**Exercise:** Only the lines below between the ones containing "T.C. ESKİŞEHİR 6. İCRA DAİRESİ" and "まず始めに、硯、下敷き、筆、文鎮などの書道で使う道具を見せて下さいました。", inclusive, are to be reproduced, each exactly as it stands.

**Supplied material:**

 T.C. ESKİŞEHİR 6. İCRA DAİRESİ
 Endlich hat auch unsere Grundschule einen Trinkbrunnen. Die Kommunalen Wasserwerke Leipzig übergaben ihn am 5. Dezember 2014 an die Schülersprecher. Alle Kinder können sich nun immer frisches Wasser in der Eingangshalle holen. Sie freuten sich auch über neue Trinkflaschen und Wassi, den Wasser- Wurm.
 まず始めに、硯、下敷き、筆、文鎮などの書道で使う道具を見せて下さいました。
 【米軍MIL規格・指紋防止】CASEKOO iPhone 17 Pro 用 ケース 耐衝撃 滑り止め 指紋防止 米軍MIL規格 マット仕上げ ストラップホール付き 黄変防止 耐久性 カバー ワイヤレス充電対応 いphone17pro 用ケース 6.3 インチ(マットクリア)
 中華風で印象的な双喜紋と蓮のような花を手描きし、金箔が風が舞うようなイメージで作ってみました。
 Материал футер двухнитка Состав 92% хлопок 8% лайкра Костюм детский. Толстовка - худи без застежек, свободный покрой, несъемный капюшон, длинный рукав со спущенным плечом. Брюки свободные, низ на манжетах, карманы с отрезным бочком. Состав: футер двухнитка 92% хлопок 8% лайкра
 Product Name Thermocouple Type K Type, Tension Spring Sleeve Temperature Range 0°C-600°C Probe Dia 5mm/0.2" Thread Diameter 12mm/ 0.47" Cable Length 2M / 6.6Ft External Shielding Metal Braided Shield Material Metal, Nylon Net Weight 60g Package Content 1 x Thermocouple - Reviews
--
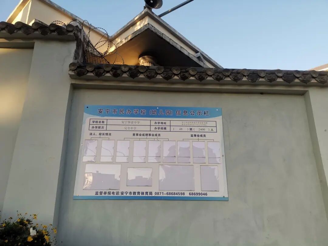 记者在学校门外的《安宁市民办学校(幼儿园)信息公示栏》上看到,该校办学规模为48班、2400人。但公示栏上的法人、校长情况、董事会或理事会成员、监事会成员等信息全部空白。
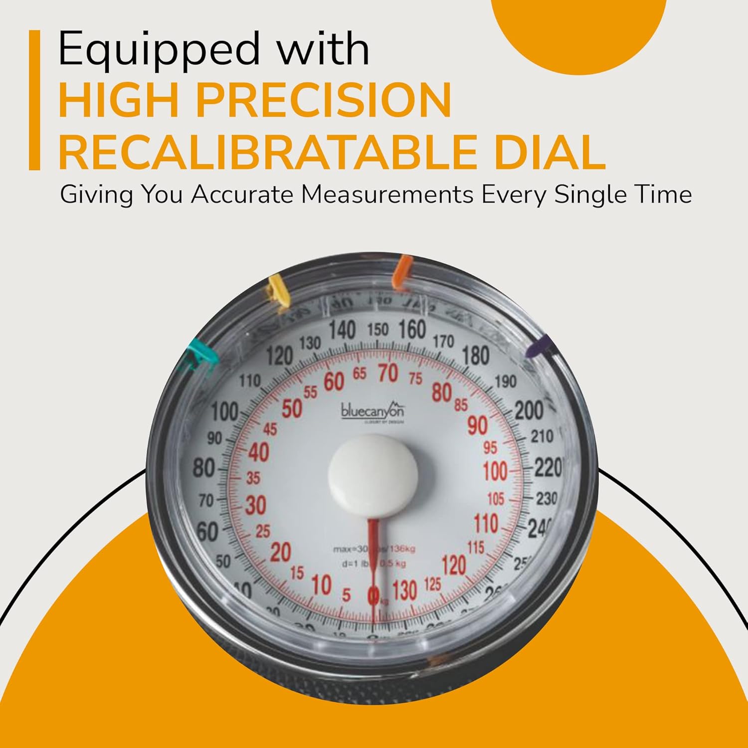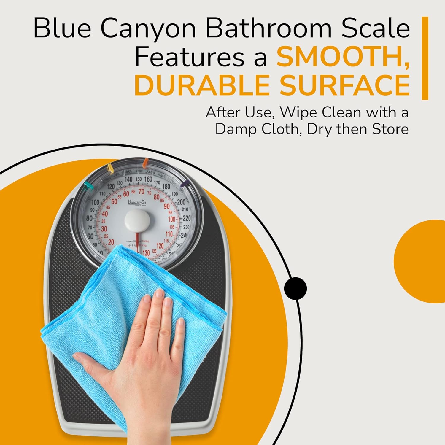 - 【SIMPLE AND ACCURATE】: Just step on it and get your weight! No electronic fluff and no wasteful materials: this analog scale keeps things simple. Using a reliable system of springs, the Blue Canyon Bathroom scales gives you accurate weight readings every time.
* * *
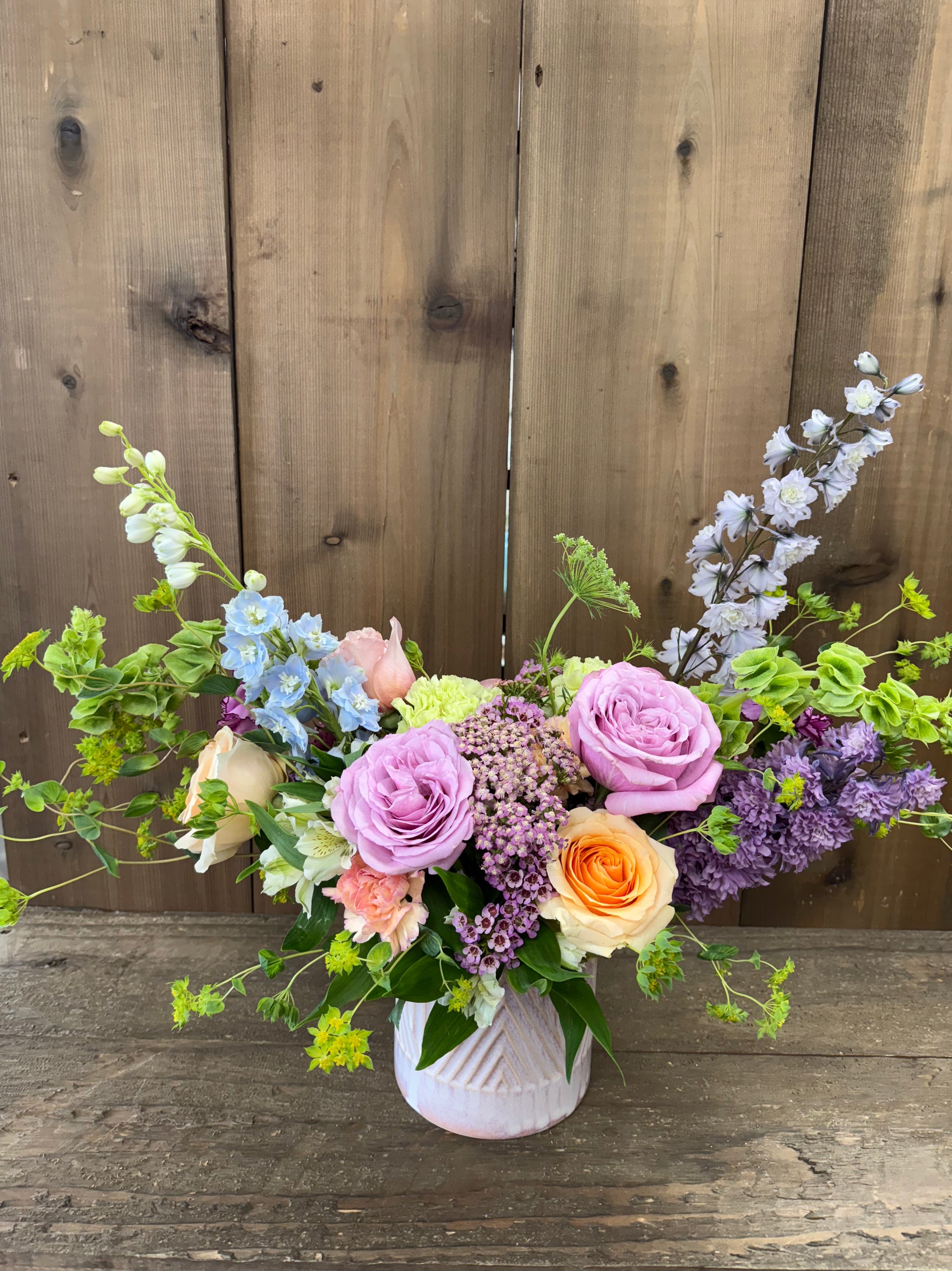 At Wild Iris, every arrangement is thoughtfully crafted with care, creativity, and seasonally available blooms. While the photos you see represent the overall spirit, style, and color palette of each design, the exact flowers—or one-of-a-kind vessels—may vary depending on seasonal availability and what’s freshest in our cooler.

**Answer section:**
 T.C. ESKİŞEHİR 6. İCRA DAİRESİ
 Endlich hat auch unsere Grundschule einen Trinkbrunnen. Die Kommunalen Wasserwerke Leipzig übergaben ihn am 5. Dezember 2014 an die Schülersprecher. Alle Kinder können sich nun immer frisches Wasser in der Eingangshalle holen. Sie freuten sich auch über neue Trinkflaschen und Wassi, den Wasser- Wurm.
 まず始めに、硯、下敷き、筆、文鎮などの書道で使う道具を見せて下さいました。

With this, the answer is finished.